----- Input data -----

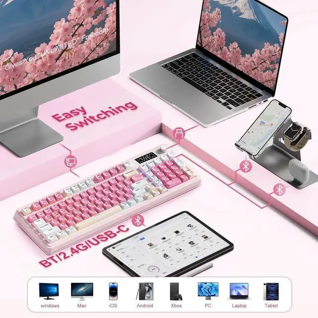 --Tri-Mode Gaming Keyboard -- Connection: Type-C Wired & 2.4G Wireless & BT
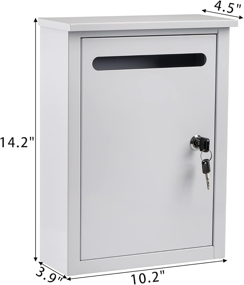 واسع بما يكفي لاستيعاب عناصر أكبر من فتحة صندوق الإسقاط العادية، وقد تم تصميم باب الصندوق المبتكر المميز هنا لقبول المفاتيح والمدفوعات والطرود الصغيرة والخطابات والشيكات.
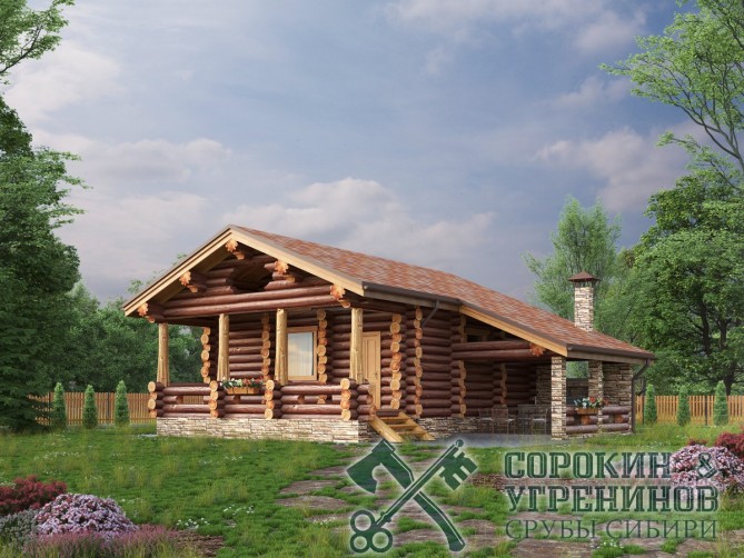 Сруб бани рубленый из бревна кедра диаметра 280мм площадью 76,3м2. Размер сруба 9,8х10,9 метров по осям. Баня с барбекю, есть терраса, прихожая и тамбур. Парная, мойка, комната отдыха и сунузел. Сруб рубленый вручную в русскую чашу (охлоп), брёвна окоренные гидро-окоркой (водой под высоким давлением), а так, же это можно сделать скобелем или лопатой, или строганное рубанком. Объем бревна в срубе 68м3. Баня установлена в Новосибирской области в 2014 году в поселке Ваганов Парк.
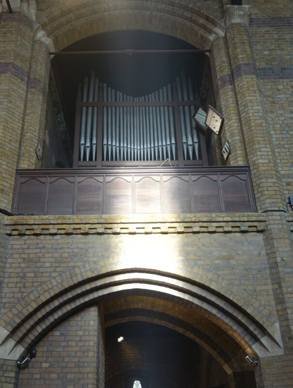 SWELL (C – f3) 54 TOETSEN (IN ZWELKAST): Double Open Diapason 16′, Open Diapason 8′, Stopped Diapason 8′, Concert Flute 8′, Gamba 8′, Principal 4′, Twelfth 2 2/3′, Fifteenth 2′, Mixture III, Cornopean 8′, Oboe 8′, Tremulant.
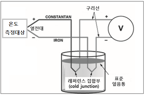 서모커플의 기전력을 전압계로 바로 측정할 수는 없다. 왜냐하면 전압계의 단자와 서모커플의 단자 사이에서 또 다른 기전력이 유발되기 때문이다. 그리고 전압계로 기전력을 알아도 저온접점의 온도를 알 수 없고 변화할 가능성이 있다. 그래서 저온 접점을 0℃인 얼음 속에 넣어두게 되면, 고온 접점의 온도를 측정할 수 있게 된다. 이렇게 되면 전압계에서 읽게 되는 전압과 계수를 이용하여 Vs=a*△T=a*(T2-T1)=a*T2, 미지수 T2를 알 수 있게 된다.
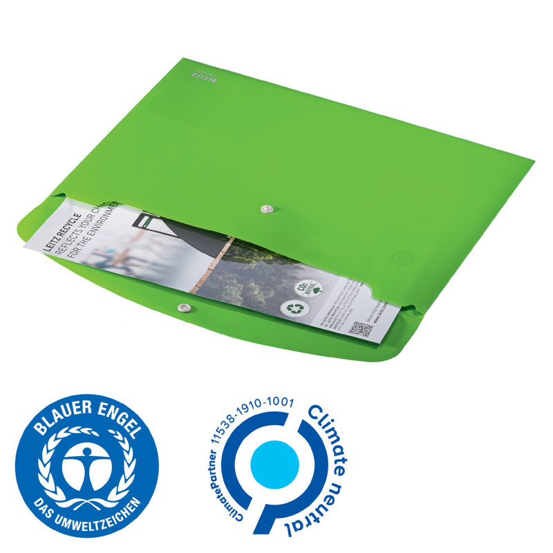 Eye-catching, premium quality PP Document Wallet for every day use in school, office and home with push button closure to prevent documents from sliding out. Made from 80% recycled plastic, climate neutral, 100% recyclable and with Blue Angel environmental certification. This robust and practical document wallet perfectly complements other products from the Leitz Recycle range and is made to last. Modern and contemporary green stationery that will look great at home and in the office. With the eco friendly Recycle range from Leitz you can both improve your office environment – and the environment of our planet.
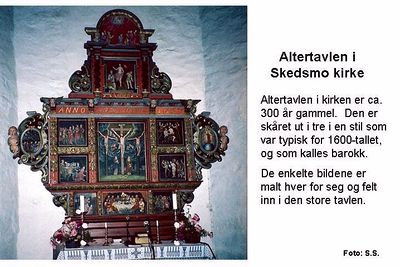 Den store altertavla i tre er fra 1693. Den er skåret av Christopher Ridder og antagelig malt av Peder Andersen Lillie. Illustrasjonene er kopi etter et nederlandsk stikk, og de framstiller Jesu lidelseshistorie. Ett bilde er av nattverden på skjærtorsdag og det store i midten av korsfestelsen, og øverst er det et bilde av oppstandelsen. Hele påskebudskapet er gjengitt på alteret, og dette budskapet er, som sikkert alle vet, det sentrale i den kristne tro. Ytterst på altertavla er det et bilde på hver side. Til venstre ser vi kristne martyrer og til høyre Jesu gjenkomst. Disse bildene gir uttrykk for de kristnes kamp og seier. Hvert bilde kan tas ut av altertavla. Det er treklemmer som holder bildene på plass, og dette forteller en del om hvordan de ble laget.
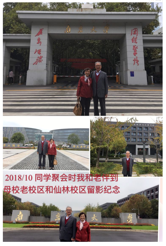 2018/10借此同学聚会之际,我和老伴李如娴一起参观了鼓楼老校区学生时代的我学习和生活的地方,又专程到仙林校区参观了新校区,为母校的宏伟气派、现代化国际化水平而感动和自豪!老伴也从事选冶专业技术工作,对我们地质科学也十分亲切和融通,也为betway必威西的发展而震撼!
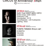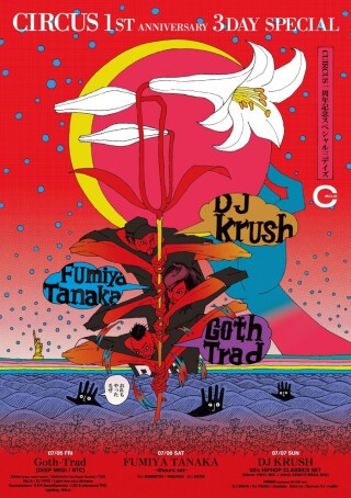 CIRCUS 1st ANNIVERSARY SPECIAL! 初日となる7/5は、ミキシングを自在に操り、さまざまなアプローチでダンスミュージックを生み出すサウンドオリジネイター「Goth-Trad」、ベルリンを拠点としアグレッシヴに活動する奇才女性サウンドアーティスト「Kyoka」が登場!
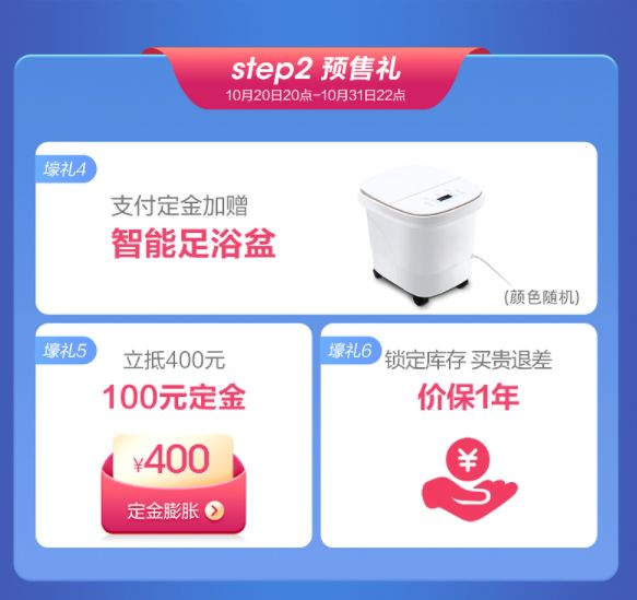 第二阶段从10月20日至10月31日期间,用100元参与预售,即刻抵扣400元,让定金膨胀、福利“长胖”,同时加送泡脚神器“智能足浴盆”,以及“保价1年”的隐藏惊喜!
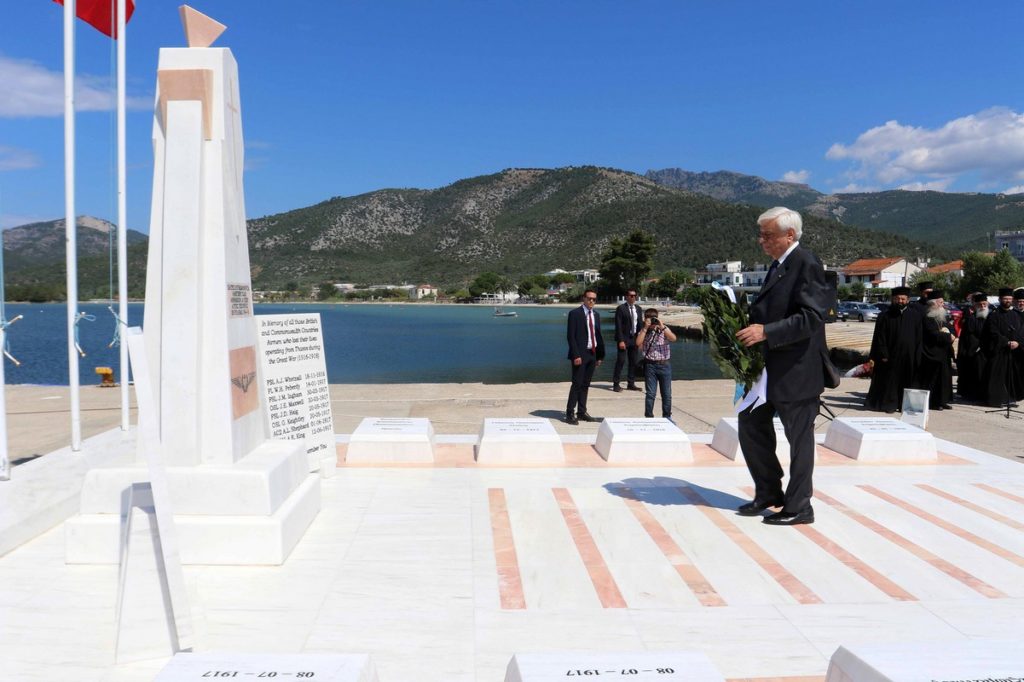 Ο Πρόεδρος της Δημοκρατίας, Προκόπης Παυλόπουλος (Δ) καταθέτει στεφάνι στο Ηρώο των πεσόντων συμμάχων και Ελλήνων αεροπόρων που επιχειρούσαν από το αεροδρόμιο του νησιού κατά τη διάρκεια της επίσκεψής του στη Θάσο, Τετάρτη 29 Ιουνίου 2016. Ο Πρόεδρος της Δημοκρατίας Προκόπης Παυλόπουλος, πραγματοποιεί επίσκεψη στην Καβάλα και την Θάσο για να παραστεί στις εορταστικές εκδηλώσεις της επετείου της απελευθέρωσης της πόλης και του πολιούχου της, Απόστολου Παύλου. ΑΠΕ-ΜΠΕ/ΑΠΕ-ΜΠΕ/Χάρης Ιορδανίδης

-----
----- Input data -----

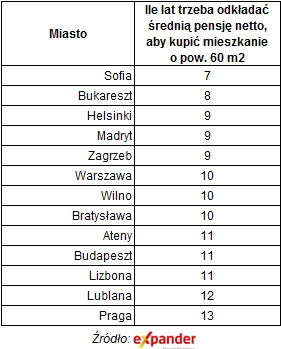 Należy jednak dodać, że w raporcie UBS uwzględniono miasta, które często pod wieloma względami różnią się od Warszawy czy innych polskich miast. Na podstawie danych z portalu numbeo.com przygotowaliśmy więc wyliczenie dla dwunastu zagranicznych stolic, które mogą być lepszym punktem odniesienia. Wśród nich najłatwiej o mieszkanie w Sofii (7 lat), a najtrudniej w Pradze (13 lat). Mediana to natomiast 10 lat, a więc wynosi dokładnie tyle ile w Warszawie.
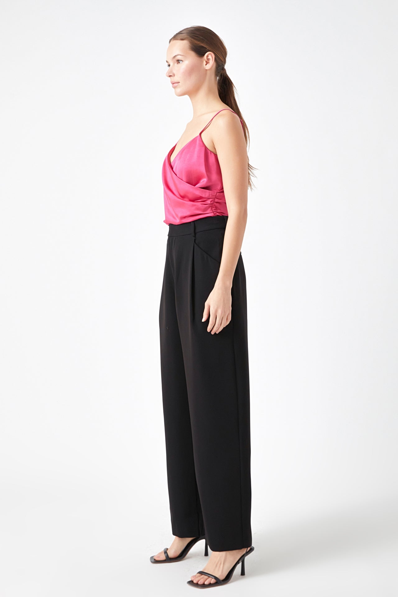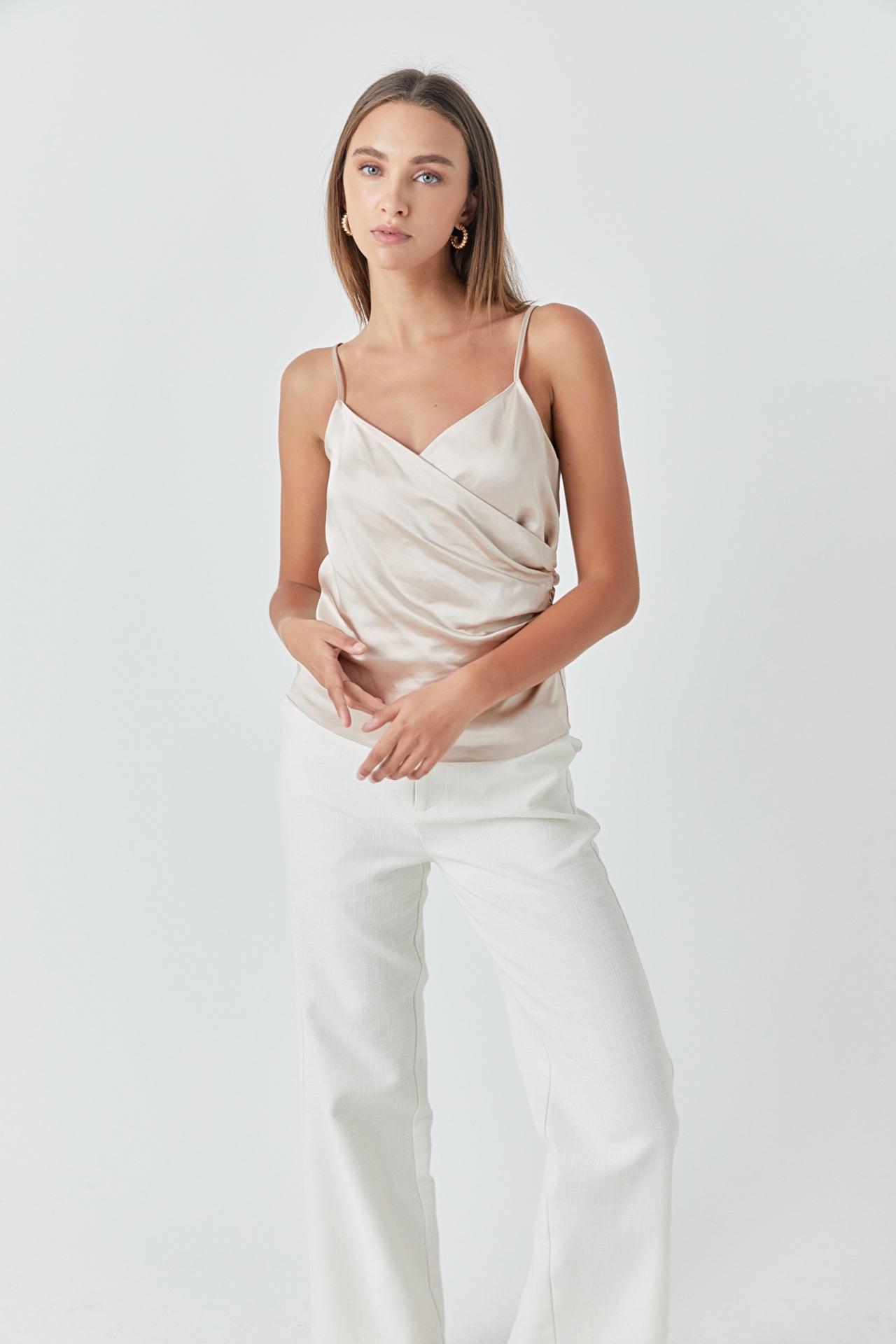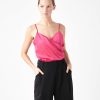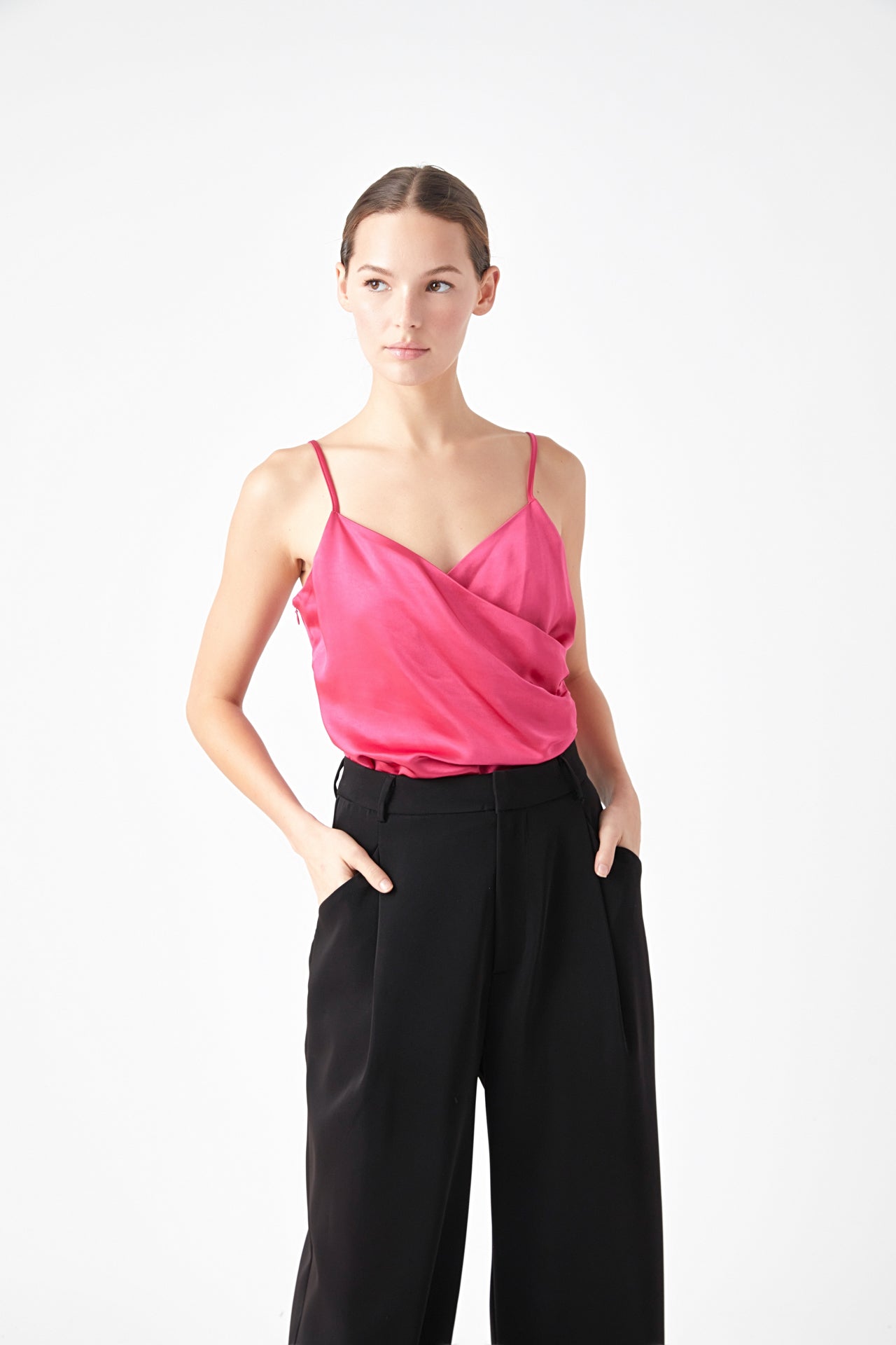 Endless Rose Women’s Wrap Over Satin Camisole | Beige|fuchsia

-----

§ **Exercise description**
For this exercise, return exactly the lines above from the line with "--Tri-Mode Gaming Keyboard" through the line with "واسع بما يكفي", both included. Do not copy the pictures.

§ **Answer to the exercise**
 --Tri-Mode Gaming Keyboard -- Connection: Type-C Wired & 2.4G Wireless & BT
 واسع بما يكفي لاستيعاب عناصر أكبر من فتحة صندوق الإسقاط العادية، وقد تم تصميم باب الصندوق المبتكر المميز هنا لقبول المفاتيح والمدفوعات والطرود الصغيرة والخطابات والشيكات.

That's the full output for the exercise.